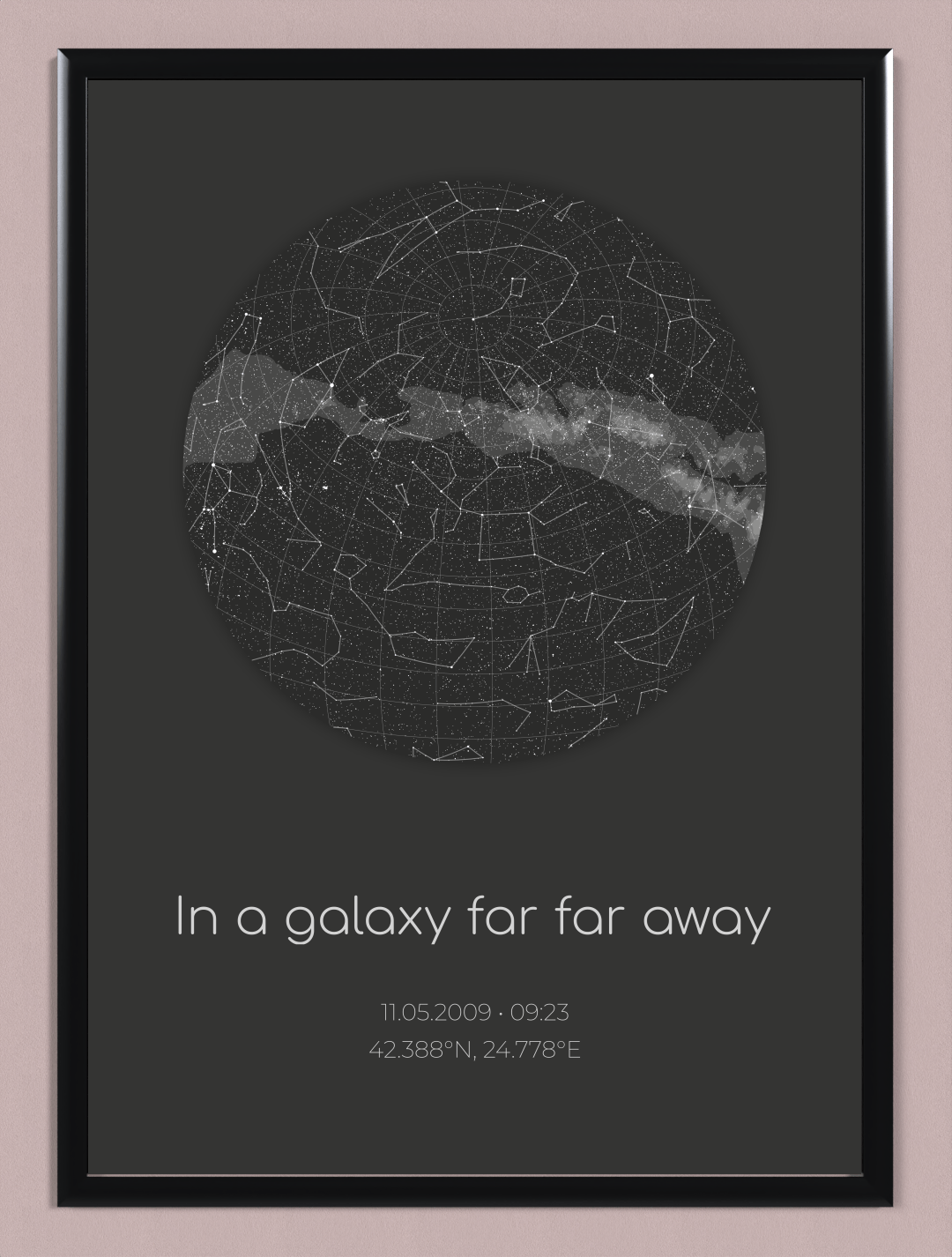 Звездната карта изобразява звездното небе в моментa на специално събитие. Това може да бъде първата ви среща, годишнина, рожден ден, сватба и всеки друг важен момент в живота ви!
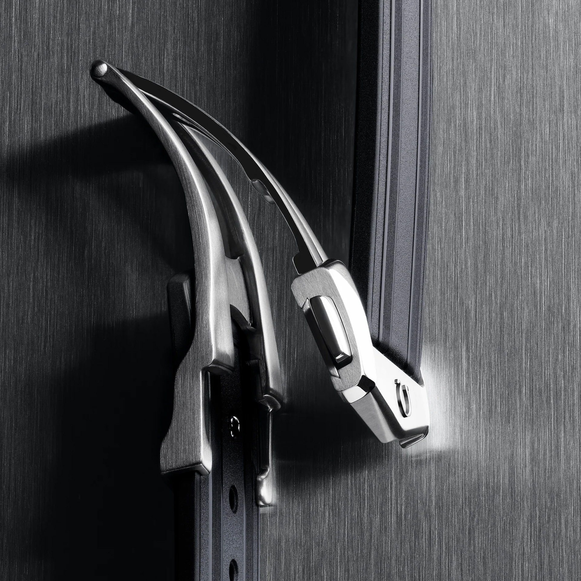 PVD stainless steel is used to create the brushed dial as well as the polished and skeletonized hands and indexes, which are filled with white Super-LumiNova. Other markings, including the OMEGA logo, are transferred in black.
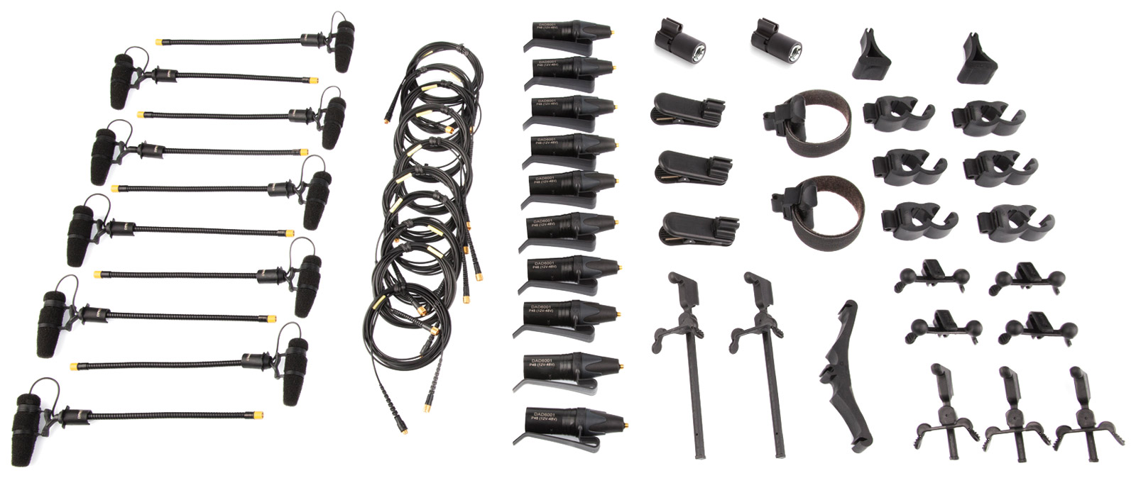DPA Classic Touring Kit is a complete set of microphones that have been 'optimised for classic acoustic instruments'. The kit is available with or without Peli case (models with '-C' suffix), and with either 4x or 10x microphones that can be used to close-mike most instruments, along with a variety of mounting clamps to suit those instruments.
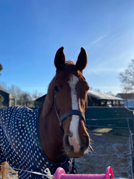 Lamentablemente, nuestra prometedora potranca "Batica", nacida en 01/2021, sufrió un accidente en el paddock que le lesionó el tendón, por lo que no puede ser montada. La lesión ya está curada, pero consideramos que el riesgo de longearla es demasiado alto. Debido a su excepcional linaje, VV Comme il faut / MV Baloubrie, hemos decidido criar un potrillo de ella, nacido en mayo de 2023. Por ello, también se ofrece como yegua de cría. En caso contrario, se ofrece como yegua de compañía. Para interés serio, llamar al +49 172 7967019.

____________

- What this task involves:
Across all the lines above, repeat the wording exactly and omit the pictures.

- Answer for the task:
 Звездната карта изобразява звездното небе в моментa на специално събитие. Това може да бъде първата ви среща, годишнина, рожден ден, сватба и всеки друг важен момент в живота ви!
 PVD stainless steel is used to create the brushed dial as well as the polished and skeletonized hands and indexes, which are filled with white Super-LumiNova. Other markings, including the OMEGA logo, are transferred in black.
DPA Classic Touring Kit is a complete set of microphones that have been 'optimised for classic acoustic instruments'. The kit is available with or without Peli case (models with '-C' suffix), and with either 4x or 10x microphones that can be used to close-mike most instruments, along with a variety of mounting clamps to suit those instruments.
 Lamentablemente, nuestra prometedora potranca "Batica", nacida en 01/2021, sufrió un accidente en el paddock que le lesionó el tendón, por lo que no puede ser montada. La lesión ya está curada, pero consideramos que el riesgo de longearla es demasiado alto. Debido a su excepcional linaje, VV Comme il faut / MV Baloubrie, hemos decidido criar un potrillo de ella, nacido en mayo de 2023. Por ello, también se ofrece como yegua de cría. En caso contrario, se ofrece como yegua de compañía. Para interés serio, llamar al +49 172 7967019.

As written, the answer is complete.